第443話 唯一無二の主

散々悩んだ挙句に、≪唯一無二のしゅ≫に会いに行くことに決めた。


閉じこもって出てこないという話であったから、そのまま放っておくという選択もあったのだが、後手に回ることの不利や危険性を考えれば、やはり確かめに行くべきだという結論に達した。


≪唯一無二の主≫にとって、自分は≪大神界≫に大惨事を引き起こした張本人である。


自らが生み出した≪始まりの四神≫を失ったばかりか、それに連なる神々を次々滅ぼされ、十一階層からなる次元階層の秩序を完全に破壊されてしまったのだ。


もし、自分が≪唯一無二の主≫の立場であったならば、全くもって許し難い存在であると思う。



おそらく歓迎はされないだろう。


しかし、それでも会って、直に≪唯一無二の主≫の真意を確かめなければならない。


≪始まりの四神≫を討たれても尚、少しの動きを見せないのはなぜか。


ガイア神を出し抜き、≪機械神ゲームマスター≫を使って、ルオ・ノタルの世界に介入していた存在の正体が≪唯一無二の主≫であったなら、その目的は何であったのか。


なぜ、≪大神界≫を覆う外殻の破壊にこだわっているのか。


そして、敵なのか、味方なのか。


聞きたいことはいくらでもある。



クロードはルオ・ノタルを隔離する神造次元壁をそのままに、第十一天へと向かった。


目視による≪次元回廊≫の連続使用を行い、すっかり殺風景になってしまった宇宙を駆け昇っていく。


そして第十天を越え、≪大神界≫の上限とも言うべき場所にやって来たのだが、そこは先のない、暗黒の闇に染め抜かれたとばりのような場所であった。

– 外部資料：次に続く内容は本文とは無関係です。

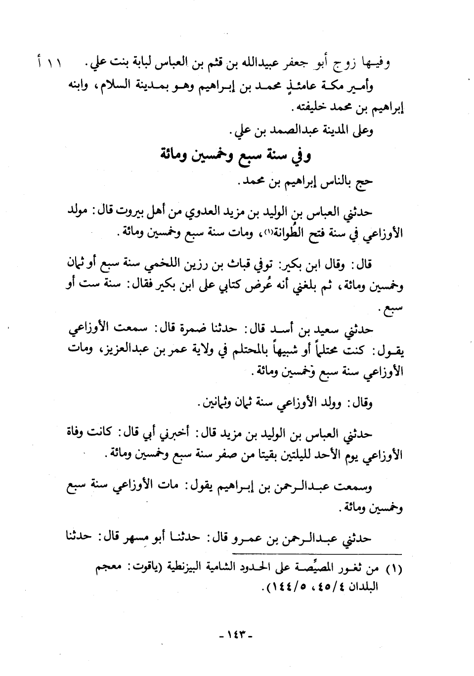 حَدَّثَنِي الْعَبَّاسُ بْنُ الْوَلِيدِ بْنِ مَزْيَدٍ الْعَدَوِيُّ مِنْ أَهْلِ بَيْرُوتَ قَالَ: مَوْلِدُ الْأَوْزَاعِيِّ فِي سَنَةِ فَتْحِ الطُّوَانَةِ [1] ، وَمَاتَ سَنَةَ سَبْعٍ وَخَمْسِينَ وَمِائَةٍ.

その先はクロードの超感覚をもってしても見通すことができない。


本当の意味での行き止まりで、まさに世界の果てと呼ぶにふさわしい場所でもあった。


この分厚い闇の向こうに、はたして本当に、≪唯一無二の主≫と呼ばれる何かがいるのか、正直、半信半疑になりつつも、その闇に近づき触れてみた。


クロードが触れた場所は、まるでブラックホールを思わせる暗黒の渦になり、徐々にその開口を拡大させ、妖しく蠢き始めた。

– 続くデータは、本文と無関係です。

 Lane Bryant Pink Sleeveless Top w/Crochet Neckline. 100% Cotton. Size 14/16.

クロードは、恐る恐るその指先から慎重に、暗黒の渦の中に入れてみたが、見た目のおどろおどろしさとは異なり、熱くも冷たくもない。


その闇は、≪神力≫になんら影響を及ぼすようなものではなく、あのダグクマロが≪呪念≫と呼んだ黒い靄とは全く別のもののようだった。


罠である可能性も無くはないだろうが、ここまで来て引き返すわけにもいくまい。


意を決して、その渦の中に飛び込んだクロードが見たのは、全く想像もしなかったような光景であった。




狭い、散らかった室内に、ベッドがひとつ。


折り畳みの小さなローテーブルの上には食べかけの見慣れぬ食べ物……、そうカップ麺があり、割りばしが刺さったままになっている。


「やあ……」


ベッドに腰を掛け、小さな端末を手にした若い男が声をかけてきた。


Tシャツとトランクス姿のその若い男は、寝ぐせの付いた髪をそのままに、無精ひげの生えた顔に生気のない笑みを浮かべている。


「お前は……」


クロードは、そのまま立ち尽くし、呆然としてしまった。


なぜなら、その若い男の顔が、自分がこの世で最もよく知る顔、すなわちクロードと同じ顔だったからである。